181.221 Seminar Formal Methods
This course is in all assigned curricula part of the STEOP.
This course is in at least 1 assigned curriculum part of the STEOP.

2022S, SE, 2.0h, 3.0EC

Properties

  • Semester hours: 2.0
  • Credits: 3.0
  • Type: SE Seminar
  • Format: Online

Learning outcomes

After successful completion of the course, students are able to...

- read scientific papers,
- understand the content as well as the significance of a paper,
- literature research,
- present scientific work in an accessible manner

Subject of course

The seminar covers selected topics in the field of formal methods. The course revolves around seminal research papers in the fields of program analysis, automated reasoning and computer-aided verification.  Each student will be assigned one research paper. The students are expected to read and understand the paper and prepare and present a half-hour talk on the topic. 

Teaching methods

The first objective is to read and understand the content as well as the significance of the assigned paper, and read up on related work if the paper is not self-contained. Prior to preparing the presentation, students are expected to discuss the papers in a meeting with the lecturer.

The objectives of the presentation are to present the topic in a manner accessible for their fellow students. Students are required to present and discuss their slides with the lecturer prior to giving the presentation.

Mode of examination

Immanent

Additional information

RESOURCES:

How to give a good talk (by Simon Peyton Jones, given in Vienna, October 2004):

http://research.microsoft.com/en-us/um/people/simonpj/papers/giving-a-talk/giving-a-talk.htm

(requires Real Player)

Please consider the plagiarism guidelines of TU Wien when writing your seminar paper: Directive concerning the handling of plagiarism (PDF)

Lecturers

Institute

Course dates

DayTimeDateLocationDescription
Mon11:00 - 12:0014.03.2022 https://tuwien.zoom.us/j/95121006820 (LIVE)Initial Meeting

Examination modalities

Students will be graded based on:

1.) Ability to read and understand the papers assigned to them. The
effort and initiative to independently read and understand the paper
and to read up on related work will determine 50% of the grade. The
students' understanding of the paper will be evaluated during the
meetings with the lecturer and by means of questions after the talk.

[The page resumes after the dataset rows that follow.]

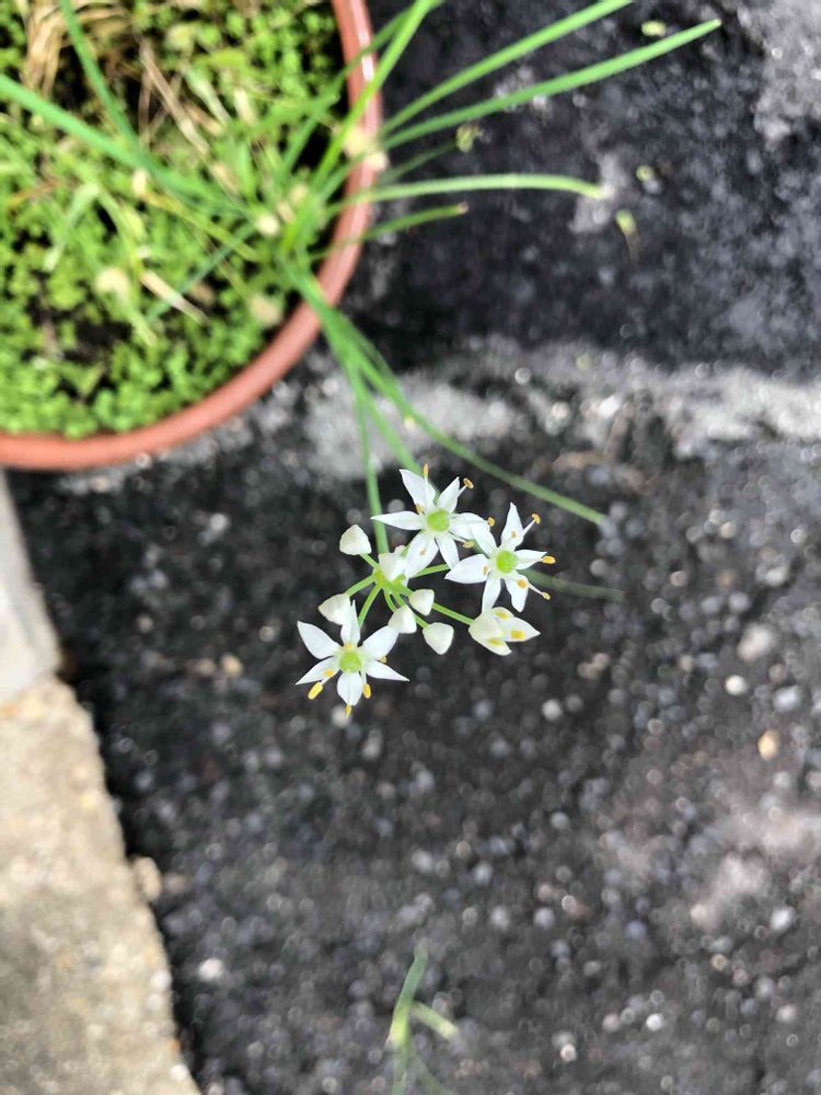 完全放置状態の鉢から小さな花が咲いてる❣️
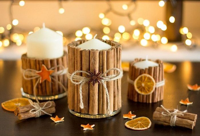 Задекорируйте свечи палочками корицы.
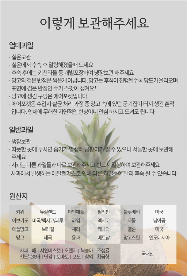 | 3. 농수산물의 원산지 표시에 관한 법률에 따른 원산지 | 사과/배/샤인머스케/오렌지/복숭아/조생귤/천도복숭아/단감/토마토/포도/참외/황금향(국내산),키위(뉴질랜드),파일애플(필리핀),블루베리(미국),아보카도(미국/멕시코/페루),라임(멕시코),자몽(남아공),애플망고(브라질),체리(캐나다),멜론(미국),망고(태국),용과(베트남),망고스틴(인도네시아) |
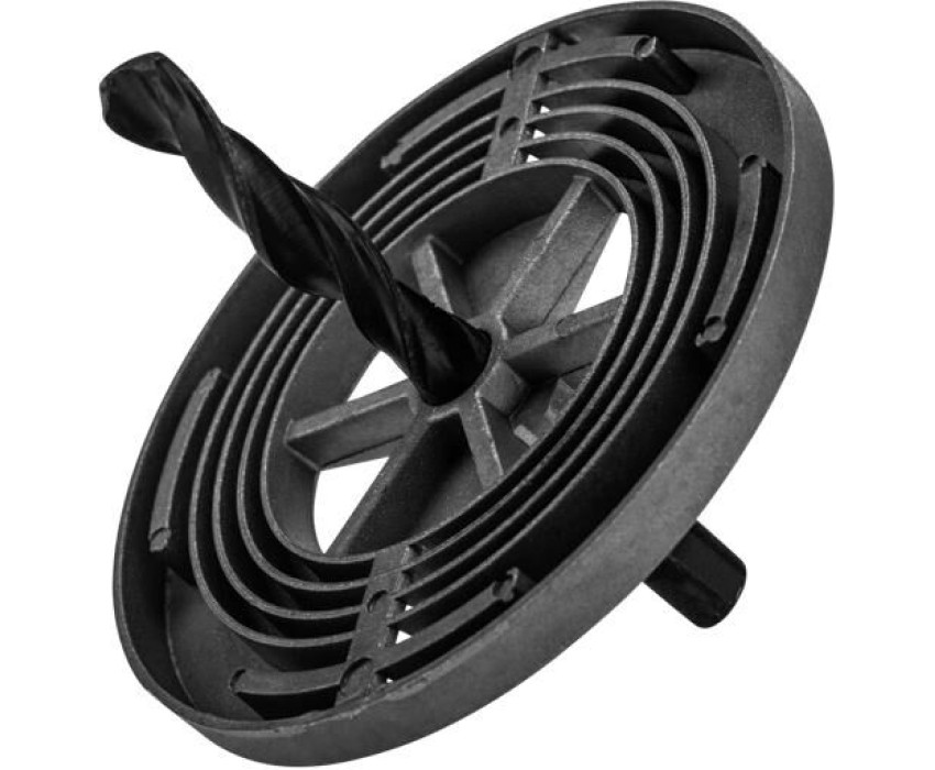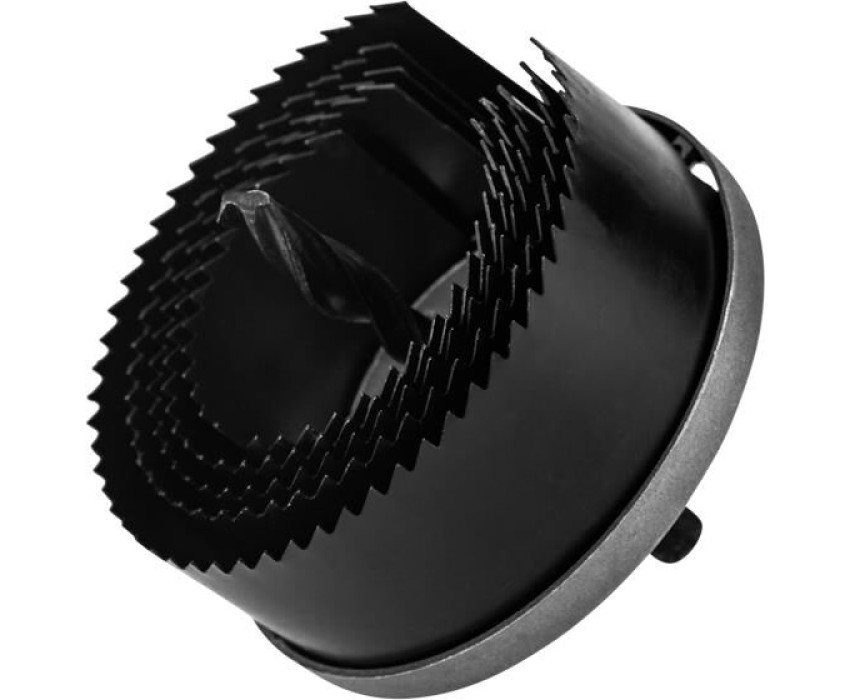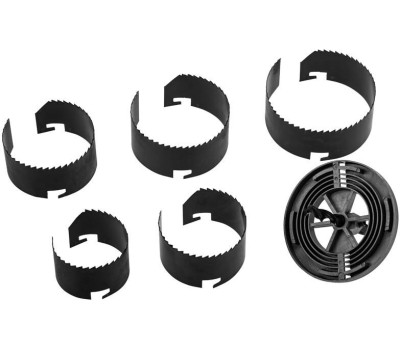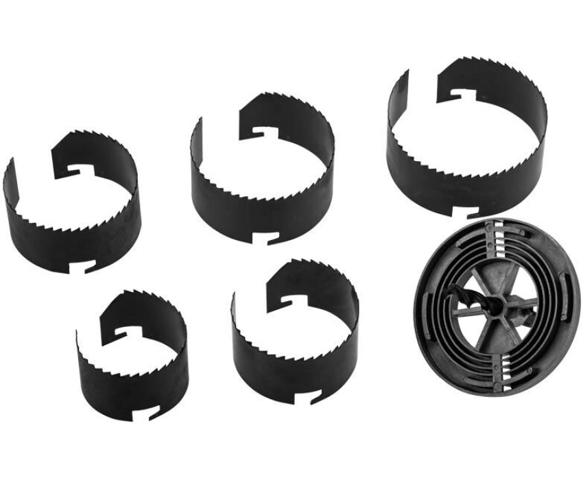 Кольцевая пила состоит из держателя и коронок диаметром 60, 67, 74, 81, 95 мм, позволяющих вырезать круглые отверстия глубиной до 1,5 дюйма в дереве, ДВП и ДСП. Пила применяется при проведении работ по выводу труб через перегородки, а также при установке осветительных систем, розеток и выключателей. Используется в качестве оснастки для ручных и электрических дрелей. Хвостовик – цилиндрический. Режущие полотна изготовлены из высокоуглеродистой марганцевой стали марки 65Г, поэтому характеризуются высокими показателями износостойкости и остроты режущей кромки. Инструмент комплектуется направляющим сверлом, облегчающим центровку отверстия. На корпус держателя нанесены обозначения диаметров, что упрощает установку коронок. По окончании работ все полотна вставляются в держатель, что обеспечивает удобство хранения. Комплектация: кольцевые пилы 60, 67, 74, 81, 95 мм, держатель, центрирующее сверло.
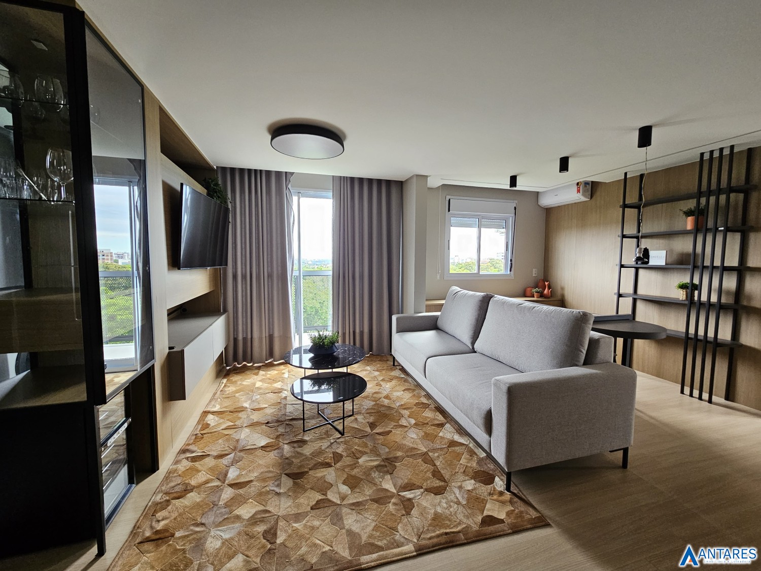 Descrição › Vivance Condomínio Clube, localizado no bairro Universitário, em Lajeado/RS, apartamento mobiliado com 2 dormitórios, sendo 1 suíte, está pronto para morar e totalmente mobiliado. Com uma área total de 124,42m², o imóvel conta com esquadrias em alumínio, churrasqueira, área de serviço, banheiro social e 1 vaga de garagem. Além disso, oferece segurança armada 24 horas e interfone. Uma excelente opção para quem busca conforto e praticidade.
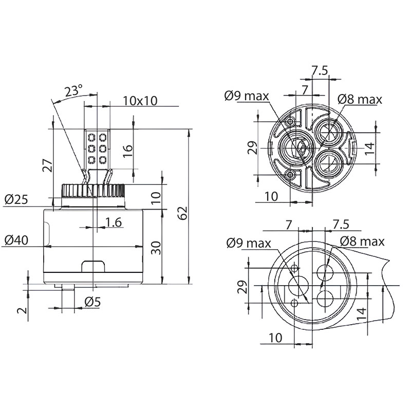 Картридж для однорукого смесителя диаметром 40мм с функцией экономии воды 3 положения.
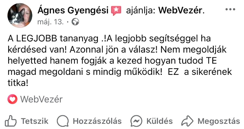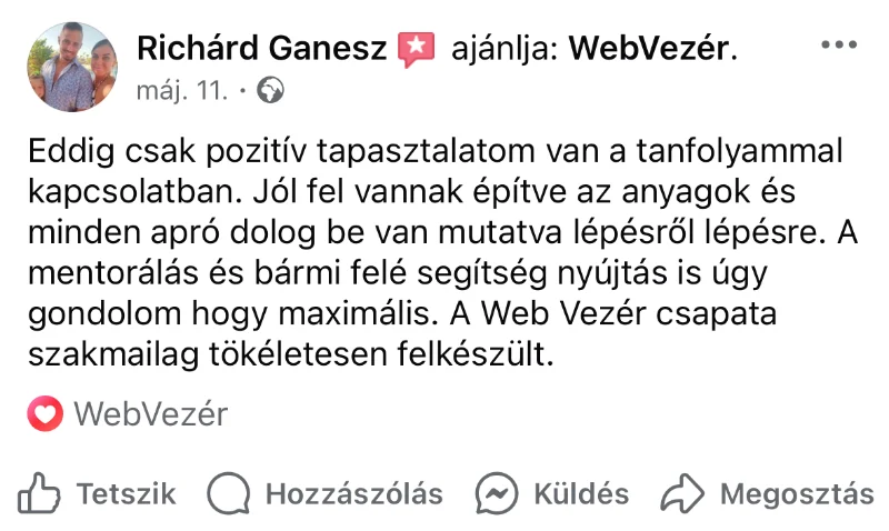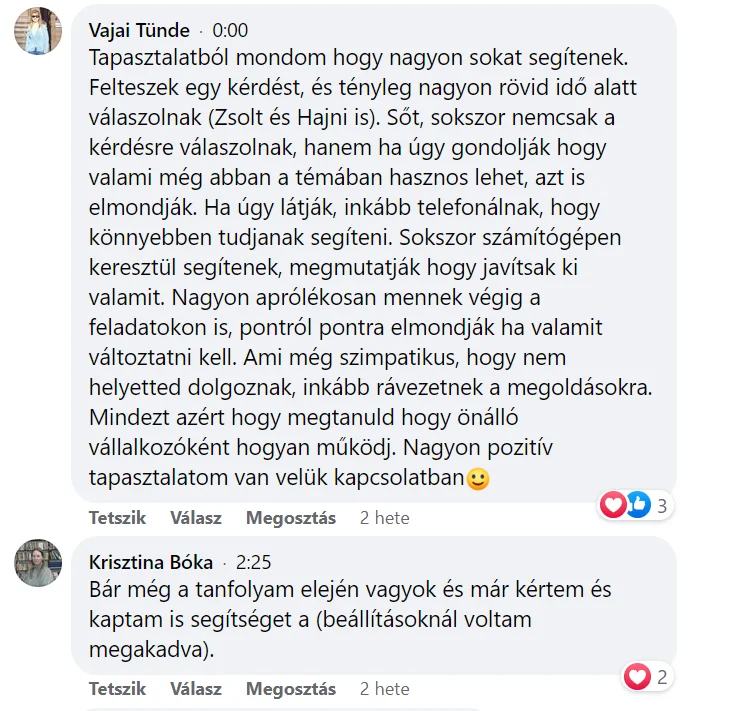 Tanfolyamainkban mindent megtanulsz az ügyfélszerzésről és sokszor személyre szabott segítséget is kaphatsz, ha véletlen nem boldogulnál vele vagy további útmutatásra lenne szükséged
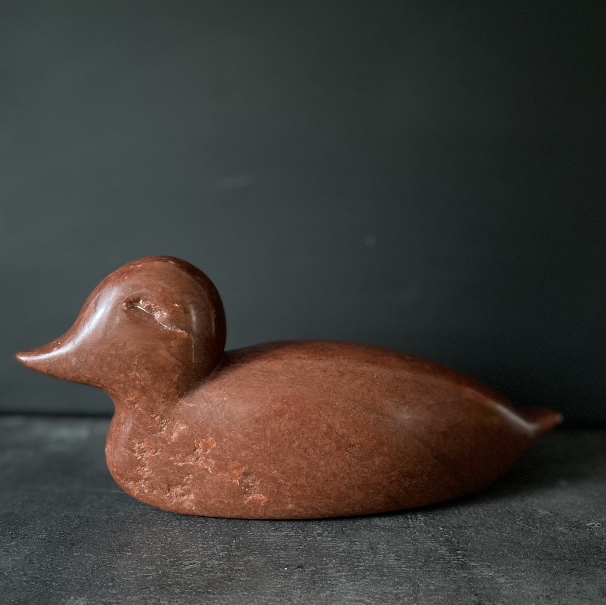 Na heel wat hakken, vijlen, schuren en in de was zetten- kwam deze prachtige rode kleur te voorschijn. Braziliaans Keniaans speksteen

2.) Ability to present the material in an accessible way to their fellow
students. The clarity and style of the presentation as well as the
students' effort to prepare the talk (e.g., by designing their own
examples rather than reusing material from the paper) determine 50% of
the grade.

Additional information on grading: The relative difficulty of the
paper will be taken into account. Asking meaningful questions about
the presentations of fellow students will have a positive impact
on the grade (attendance of these talks is compulsory).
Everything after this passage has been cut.